Oh sorry I wasn't being clear. I don't think -s *summ.json.gz works because of the way ArgumentParser is set up, but at the same time it's not necessary.

As an example, I was thinking that ./parse_num_subclones_PhyloWGS.R can take as input the directory path of /hot/project/method/AlgorithmEvaluation/BNCH-000082-SRCRNDSeed/pipeline-call-src/run-mutect2-battenberg-phylowgs/output/consensus_tree/. Then in the script you can do a list.files() and then loop through each of the file paths, read them in, get number of subclones and save everything in a data frame. Then you can save 1 data frame per pipeline like the one used by the plotting script

lydiayliu commented 1 year ago

I got another review request but don't see any changes. Did you push your commits?

philsteinberg commented 1 year ago

I got another review request but don't see any changes. Did you push your commits?

Ah sorry I just saw the above comment. I have not addressed it yet, will do it after class/lab meeting.

philsteinberg commented 1 year ago

@lydiayliu changes are implemented now!

lydiayliu commented 1 year ago

uh so I tried to commit one minor change (editing out the comment on parse_consensus_tree_phyloWGS.R) but I get the error

Interesting, I have not seen this before. Did you try to push using a different computer, or locally vs on the cluster with ssh or something? It seems like a github credential error.

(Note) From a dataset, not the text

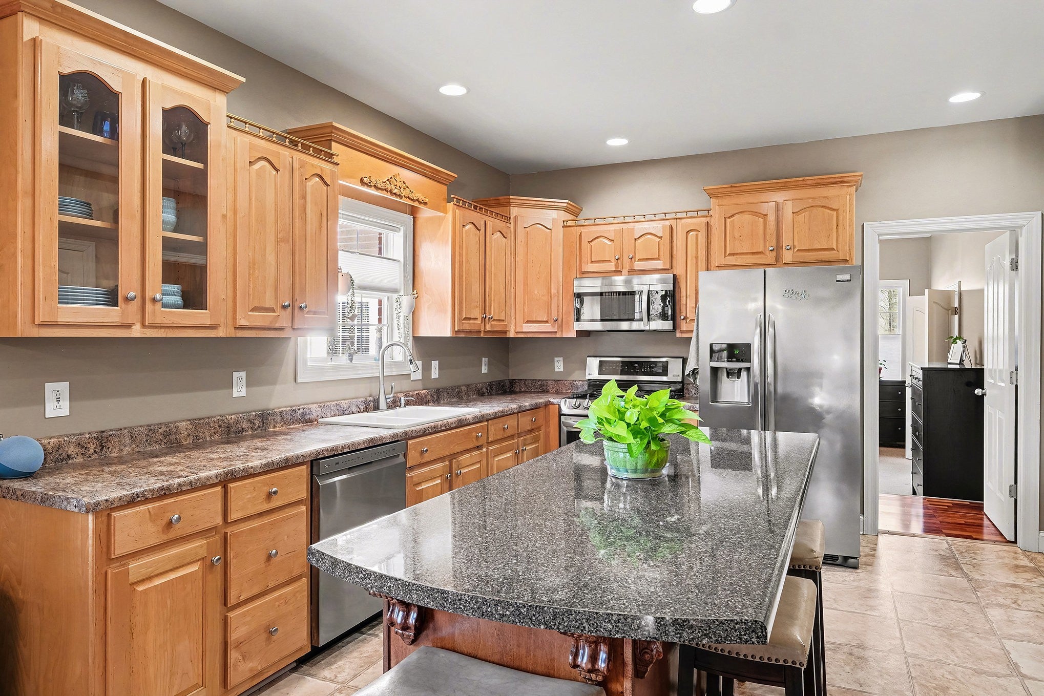 - Built-In Gas Range, Cooktop, Dishwasher, Microwave, Refrigerator

fatal: Authentication failed for 'https://github.com/uclahs-cds/project-AlgorithmEvaluation-BNCH-000082-SRCRNDSeed/' The https:// here should be the issue, it should be ssh, like git@github.com:uclahs-cds/project-method-AlgorithmEvaluation-BNCH-000082-SRCRNDSeed

I don't mind if you just edit the script on the web and commit the change to this branch / PR! I sometimes take advantage of the interactive online github as well when I'm fixing small things

philsteinberg commented 1 year ago

uh so I tried to commit one minor change (editing out the comment on parse_consensus_tree_phyloWGS.R) but I get the error

Interesting, I have not seen this before. Did you try to push using a different computer, or locally vs on the cluster with ssh or something? It seems like a github credential error.

fatal: Authentication failed for 'https://github.com/uclahs-cds/project-AlgorithmEvaluation-BNCH-000082-SRCRNDSeed/' The https:// here should be the issue, it should be ssh, like git@github.com:uclahs-cds/project-method-AlgorithmEvaluation-BNCH-000082-SRCRNDSeed

I don't mind if you just edit the script on the web and commit the change to this branch / PR! I sometimes take advantage of the interactive online github as well when I'm fixing small things

Works again, thanks!